Counterfactual feature values (scaled):

array([[ 0.82737726, -1.2068506 , 0.43296716, -0.4736736 , -0.422202 ,
1.3555735 , -1.3555735 , 2.074505 , 0.4825647 , 0.6193064 ,
2.7697735 ]], dtype=float32)

Counterfactual 2-column probability: [[0.79656625 0.20343377]]

Difference between CF and original sample:

Pclass: 0.000

Age: 0.001

SibSp: 0.000

Parch: -0.000

Fare: -0.000

Sex_female: -0.000

Sex_male: 0.000

Embarked_C: -0.000

Embarked_Q: 0.790

Embarked_S: 2.234

Embarked_nan: 2.817


Output Explanation:
Counterfactual #1 (Sample index: 0, Actual label: 1, Predicted: 0) In this example, the
model originally assigns a probability of approximately 64.63% to class 0 (and 35.37% to
class 1). Several features are then adjusted—most notably, Age decreases substantially
(by -1.395 in scaled units), while SibSp (number of siblings/spouses) and Parch (number
of parents/children) both increase. Additionally, there are changes in Embarked_Q and
Embarked_nan. After these modifications, the model’s probability for class 0 rises to
about 75.01%, moving further away from predicting the correct label of 1. This indicates
that these specific adjustments to the features cause the model to become even more
confident in the incorrect prediction. It suggests that age and the number of family
members travelling (as encoded in SibSp and Parch) may be influential in pushing the
prediction toward non-survival under this particular counterfactual setting.
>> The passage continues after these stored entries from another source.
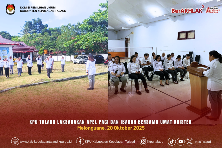 Melonguane, kab-kepulauantalaud.kpu.go.id- KPU Kabupaten Kepulauan Talaud laksanakan apel pagi bertempat di halaman kantor dan dilanjutkan dengan Ibadah Bersama, Senin, 20 Oktober 2025.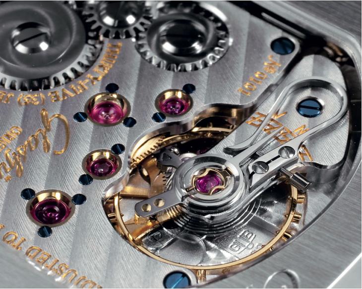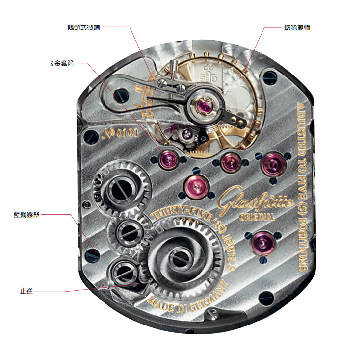 賞玩德國機芯最大的樂趣自然還是機芯的裝飾。GO最常見的基礎機芯Cal. 39和Cal. 100,老實說裝飾得並不算很漂亮,K金套筒和藍鋼螺絲都不多,尤其它們的鵝頸式微調作得相當功能性,少了鵝頸式微調應有的美感;同樣是基礎機芯,Cal. 22的裝飾就很精彩,除了各式打磨、倒角拋光,每個外露的寶石都有K金套筒, 藍鋼螺絲也用得很大方,而且鵝頸式微調作得古典、修長,鵝首也很秀氣,深得德國機芯的三昧。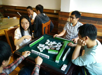 周末,所有同学都来到青芝坞聚餐。来到包厢,同学们发现饭桌旁边有一张麻将桌,纷纷表现出浓厚的兴趣,于是提议大家饭前先玩一会儿麻将。因为有同学还不会但是很感兴趣,所以我们就在教学中开始。大家玩得其乐融融。

Counterfactual #2 (Sample index: 4, Actual label: 1, Predicted: 0) Here, the original
probabilities are roughly 54.53% for class 0 versus 45.47% for class 1—still an incorrect
prediction, though the model is slightly less certain compared with Counterfactual #1.
The counterfactual modifies the feature representation of passenger embarkation, with
notable jumps in Embarked_Q, Embarked_S, and Embarked_nan. Despite these changes,
the probability for class 0 increases further to approximately 79.66%. This outcome
indicates that shifts in certain embarkation features, under the current model, do not
bring the prediction closer to the correct label for this sample but instead reinforce the
model’s belief that the passenger did not survive.

### 3.1 b

Counterfactual explanations are vital because they tell us how to alter specific features in a model’s input so that its prediction changes to a desired outcome. When we see how even small changes in passenger attributes (for instance, lowering their age or increasing their fare) flip the prediction from “died” to “survived,” we gain insights into what the model deems crucial for its decision.

In debugging models, counterfactuals help us pinpoint problematic behaviours and potential biases. If the counterfactual requires unrealistic feature shifts—such as setting the fare far above any real-world range—then our model may be over-reliant on that feature, or it might not generalise well. We can use this knowledge to refine data preprocessing or adjust hyperparameters, ensuring our model bases decisions on more sensible factors.

Counterfactuals can direct real-world interventions from a decision-making perspective. For instance, if a passenger's survival probability increases significantly with a slight increase in fare, this indicates that socioeconomic position (as measured by fare) has a significant impact on the model. Managers, legislators, or end users can then evaluate the fairness or realism of these elements. Counterfactuals essentially assist stakeholders in understanding how to modify inputs in a meaningful way, increasing the transparency of model outputs and enabling more informed choices in practical situations.